Silas Malafaia's speech is the best example of the atmosphere at the demonstration. While he repeated the well-known litany against the STF and called the investigations against the coup plotters political persecution, one by one of the governors present started to move away from him and even came down from the podium, trying to distance themselves from the speech they espoused until recently.

The religious leader and one of the main financiers of the act in defense of the coup plotters showed that he felt abandoned and shouted against his allies: “Bunch of weaklings, cowards and X9. These are guys who are there, but won't be there.
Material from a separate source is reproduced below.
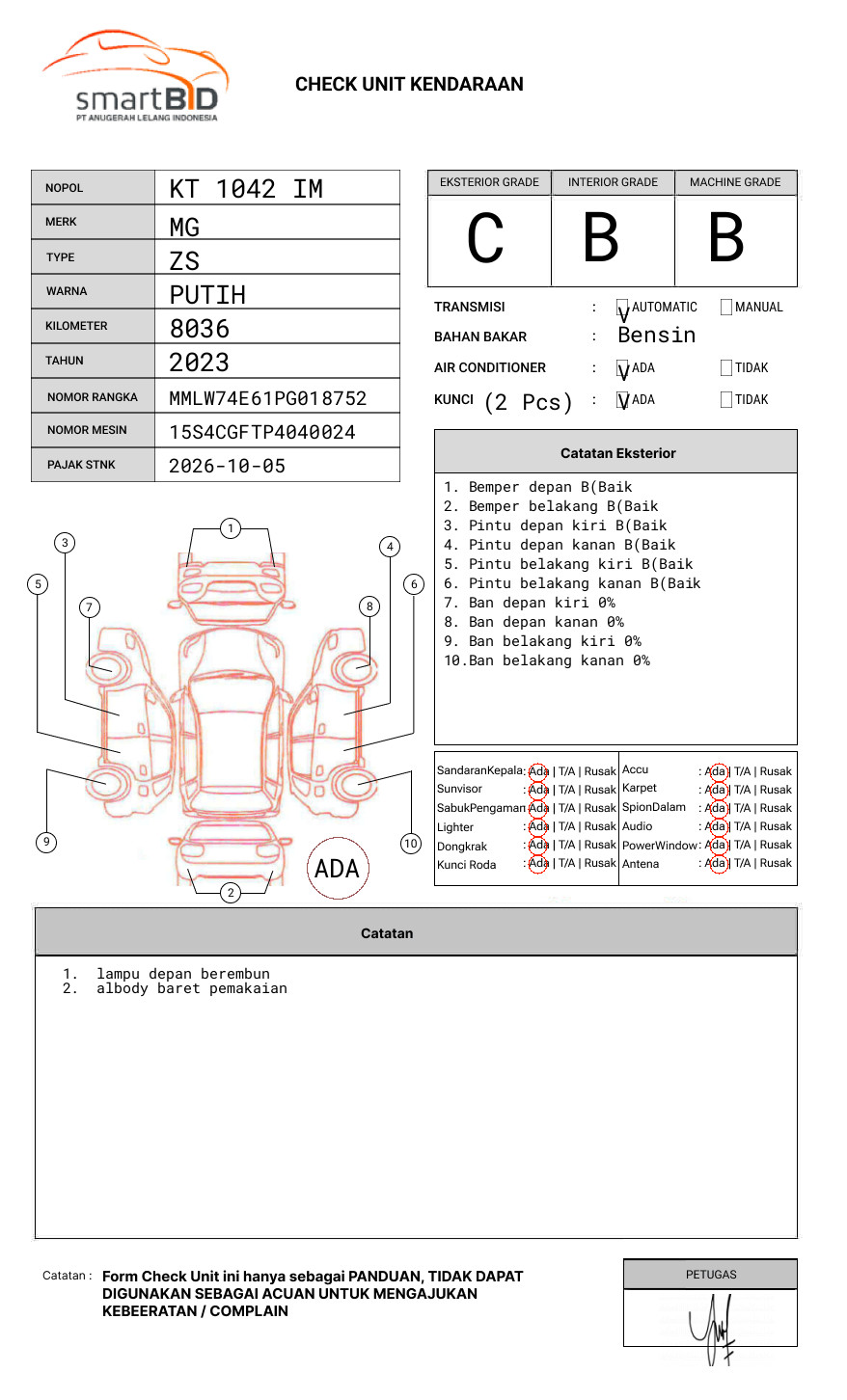 SEBELUM MELAKUKAN PENAWARAN UNIT PESERTA LELANG WAJIB MELAKUKAN PENGECEKAN UNIT DAN DOKUMEN TERLEBIH DAHULU // PIC PUTRA YADI 0821-2783-7606 // GUSTI 0822-5053-1175 // UNIT DIKENAKAN BIAYA PPN 1.1% DARI HARGA TERBENTUK //

They went down because they are lax” (newspaper Metropolis), taking exception to governor Tarcísio de Freitas for not having “accompanied with the kidding”, even though the governor of São Paulo made a point of showing some discomfort.

In other words, even in an act intended to demonstrate strength and political unity to enable the conditions for a political amnesty for those already convicted and those who must reach prison through the path paved by abundant evidence, the main leaders are no longer able to move freely in spaces in which they used to perform as true Popstars. Some of them go and pay the necessary toll to avoid falling into disgrace, but they have left aside the submission that characterizes adherence to leaders with an authoritarian profile.
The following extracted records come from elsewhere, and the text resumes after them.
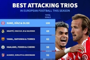 本赛季三叉戟进球榜:拜仁100球断崖领跑,皇萨城竞列前五
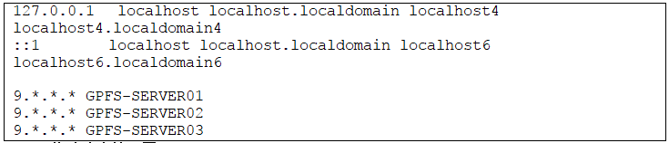 在客戶端修改/etc/hosts,加入GPFS的三台服務器,同時確保所有服務器和客戶端可以免密碼登陸,具體設置方法可以參考本章GPFS安裝與配置。
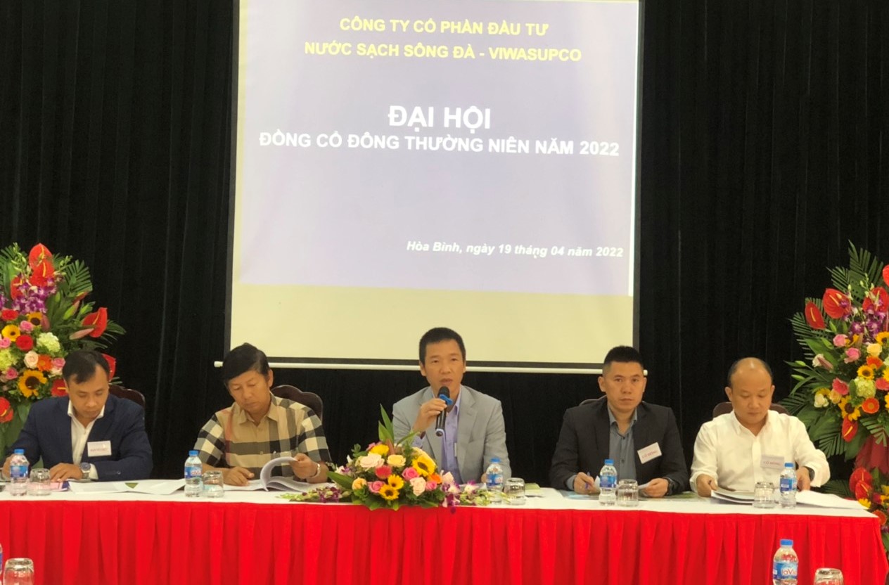Sáng ngày 19 tháng 04 năm 2022, Công ty Cổ phần Đầu tư Nước sạch Sông Đà đã tổ chức thành công Đại hội đồng cổ đông Thường niên năm 2022. Đại hội đã thông qua các báo cáo tổng kết hoạt động năm 2021, kế hoạch sản xuất kinh doanh năm 2022, bầu bổ sung Thành viên Ban kiểm soát Công ty nhiệm kỳ 2021-2026 và các nội dung quan trọng khác với sự đồng thuận cao của các cổ đông.

It is true that Jair Bolsonaro remains an influential leader. But it is clear that Lula's victory and the evidence that he and his praetorian guard were conspiring against the popular sovereignty of the vote are making him lose the ability to attract sectors beyond those fanaticized by the ideology of the ultra-right and by the blindness imposed by the merchants of the faith, who manipulate the word of God with the aim of gaining political power and accumulating material wealth.

Thus, the right tends to become increasingly restricted to sectors less sensitive to dialogue and a prisoner of Jair Bolsonaro's toxic leadership, which will prevent the construction of any concerted transition, a process in which the leader's commitment is essential. The most emblematic case of this was carried out by the then president Lula who, unable to compete in a third consecutive election, in 2010, anointed his successor and made all his authority and legitimacy available to her, without which it would not be possible to achieve the objective of continue the political project.

The differences between the two are so great that, while Jair Bolsonaro calls for an act to plead for amnesty and is no longer able to attract the social sectors that he was once able to galvanize, Lula called for the act on January 8th and brought together the main political and social authorities. judiciary of the country to build the necessary political conditions for the restoration of democracy, the economic and social development of the nation and to hold accountable all those who used the power granted to them by democracy to steal it from the Brazilian people. It is this unity in the democratic field that is allowing us to advance in punishing the coup plotters, much more than was possible post-dictatorship.

*Gerson Almeida, sociologist, former councilor and former secretary of the environment of Porto Alegre, he was national secretary of social articulation in the Lula 2 government.